J’ajoute que les infirmiers anesthésistes, par leurs attributions et fonctions, remplissent tous les critères connus de pénibilité :
- Ils assument la continuité des soins 24/24h, 7 jours sur 7, avec alternance systématique jour, nuit, et repos variables, ce qui n’est pas sans conséquences sur les rythmes biologiques.
- Ils travaillent en permanence dans des conditions de stress extrême dues à la vigilance exigée dans leurs activités, à la gestion de gestes techniques précis et la confrontation récurrente à des situations d’urgences vitales. Les temps de récupération et repos sont souvent aléatoires et jamais choisis.
- Ils sont exposés également à des émanations gazeuses à long terme toxiques malgré les systèmes de prévention utilisés qui n’offrent qu’une protection limitée.
- L’ergonomie limitée autour dune table d’opération et la manipulation systématique des corps humains lors des positionnements entrainent de nombreuses contraintes articulaires et posturales entrainant des troubles musculo-squelettiques. Il serait donc tout à fait incongru que la notion de pénibilité ne soit pas retenue pour les infirmiers anesthésistes.

Il s’agit, pour l’ensemble, de corps de métiers majoritairement féminins, dont tous nos concitoyens louent les services éminents tout en s’inquiétant de la pénibilité de leur travail. Ils savent que cette pénibilité est due, je le répète, au stress croissant, au rythme de travail soutenu, à la station debout prolongée, à une multiplication du nombre de TMS, au travail de nuit astreignant, à une vigilance obligatoire de chaque instant par exemple pour la préparation des médicaments antimitotiques pour lutter contre les pathologies cancéreuses et la dispensation des traitements, un côtoiement en continu de la souffrance et très souvent de la mort, mais aussi de la douleur des familles.
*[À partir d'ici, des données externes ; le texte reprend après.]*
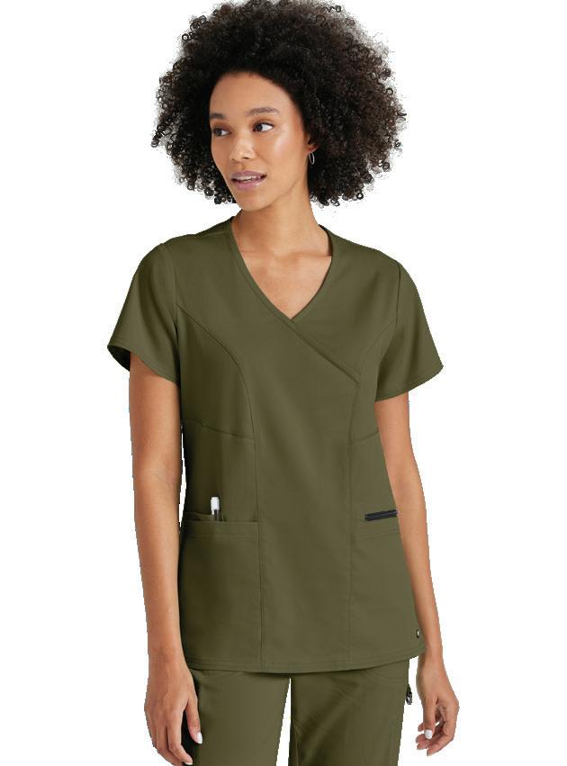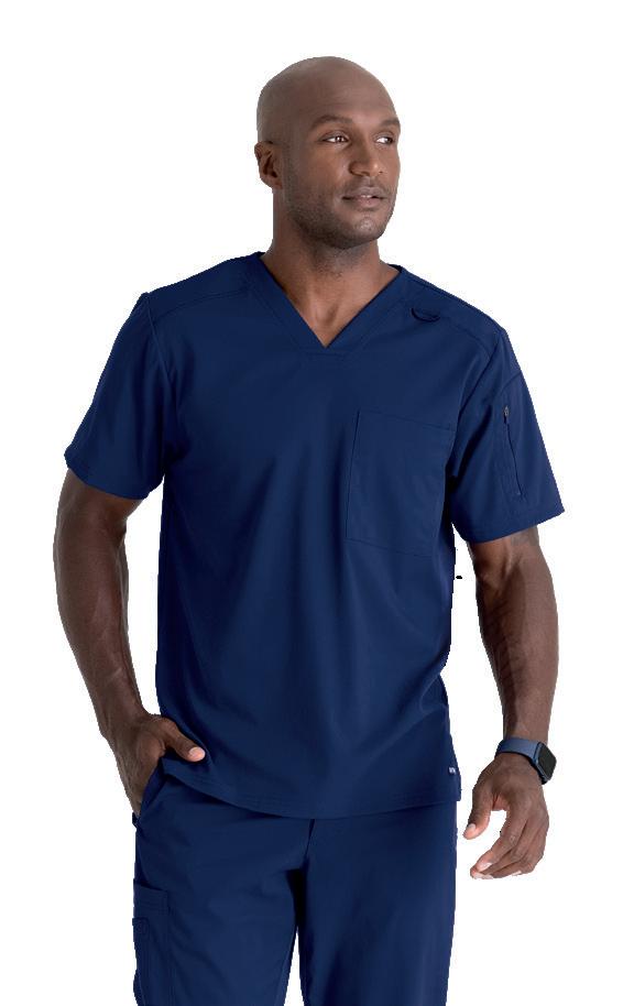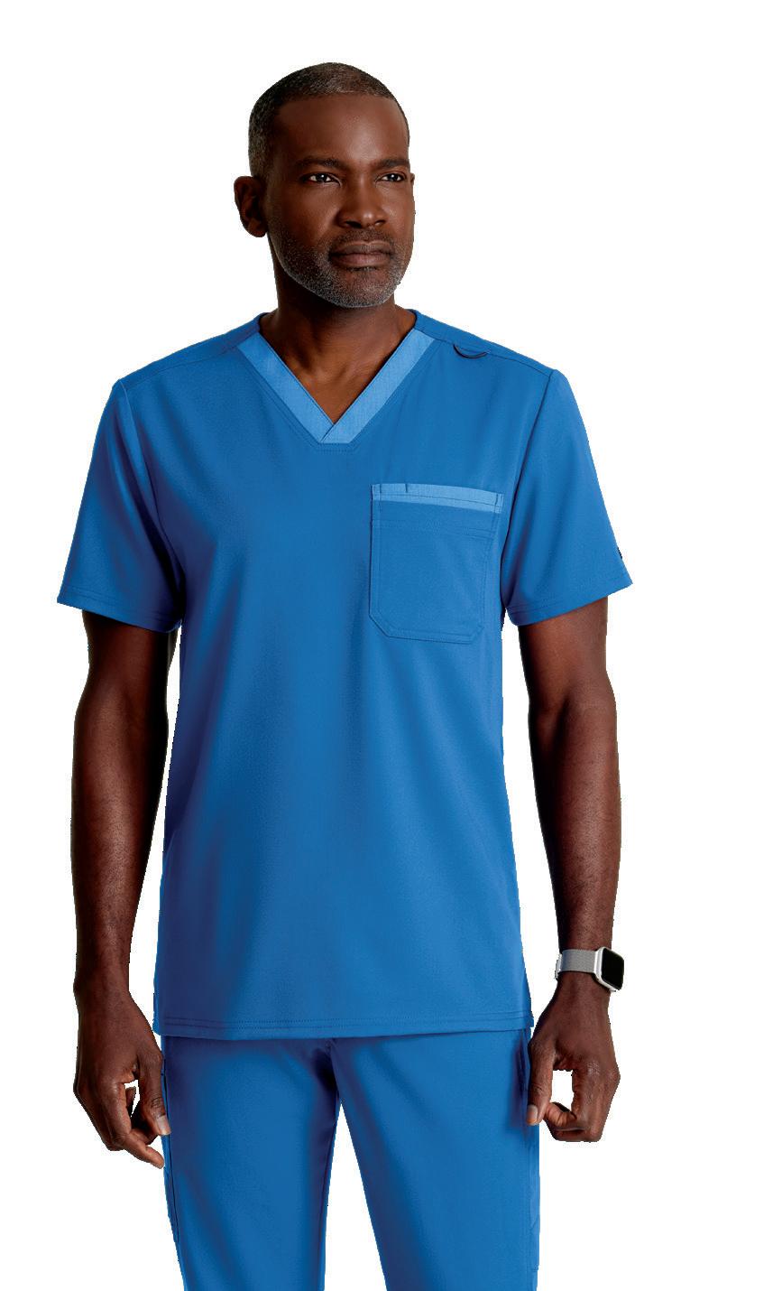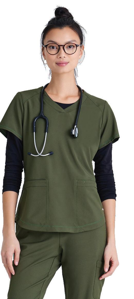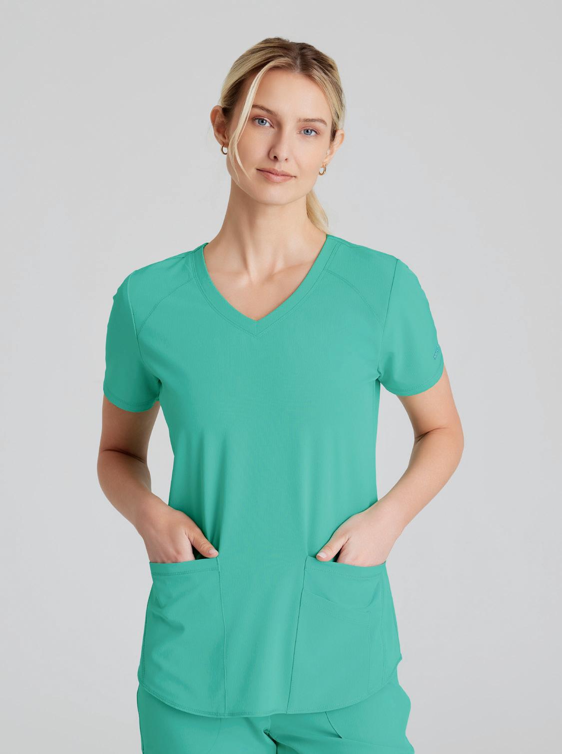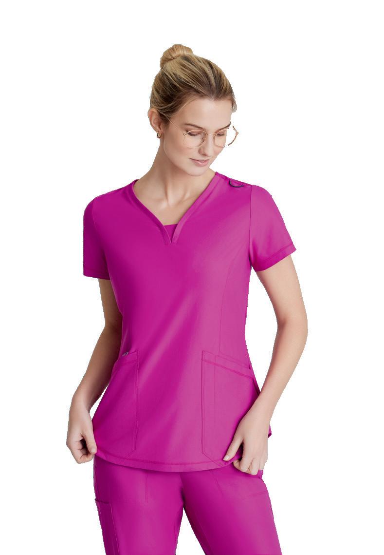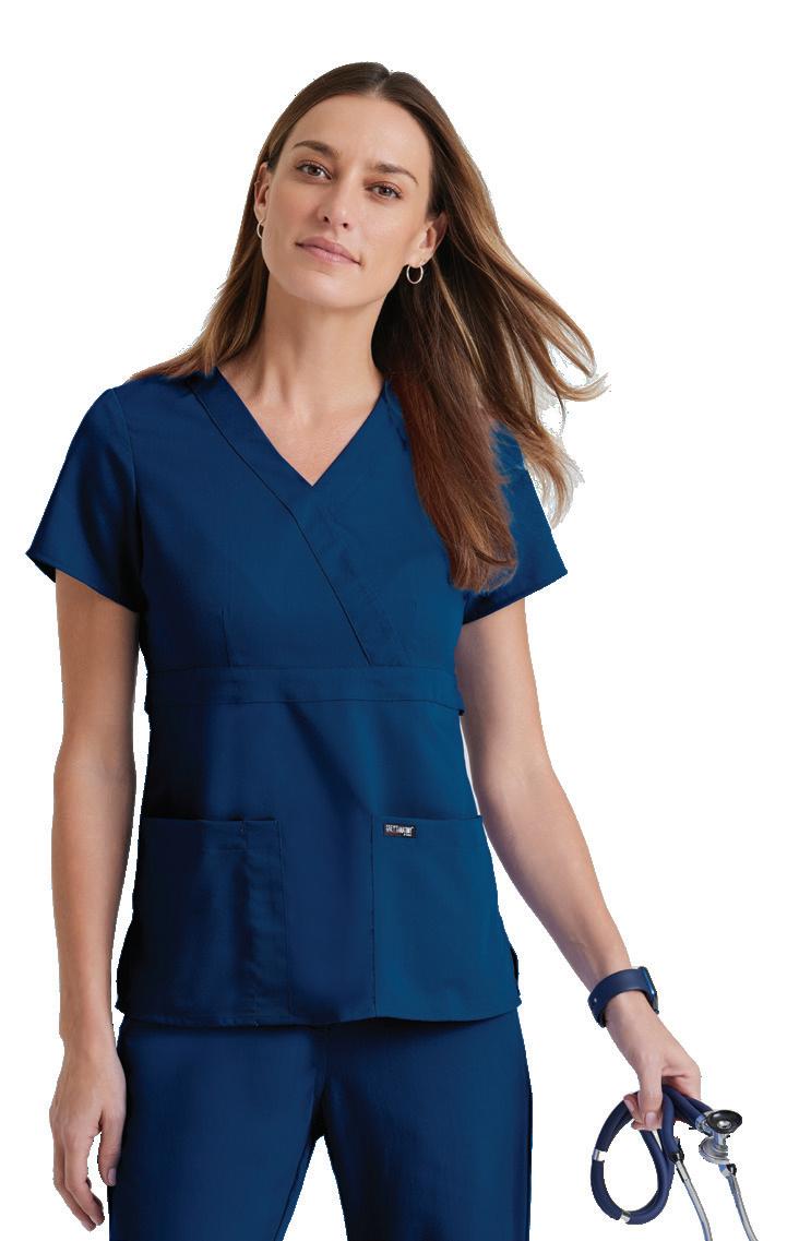 1-pocket banded curved v-neck, chest patch pocket, front and back princess seams, shoulder Steel badge loop, tulip hem top

J’ai personnellement eu pendant plus de trente ans l’occasion de constater cette pénibilité tellement spécifique à ces corps de métiers indispensables au bon fonctionnement de notre système de santé.

Nous ne pouvons donc nous satisfaire, Monsieur le ministre, de la mesure prévue par cet article 13 pour le personnel infirmier hospitalier et les autres personnels paramédicaux également concernés dont les infirmiers anesthésistes.

Cette mesure fait illusion. Elle masque en vérité un marchandage inadmissible envers un personnel soignant admirable que l’on abuse sciemment, ce qui à nos yeux, Monsieur le ministre, comme à ceux de nos concitoyens qui par centaines de milliers fréquentent les hôpitaux, est non seulement déplorable mais aussi condamnable.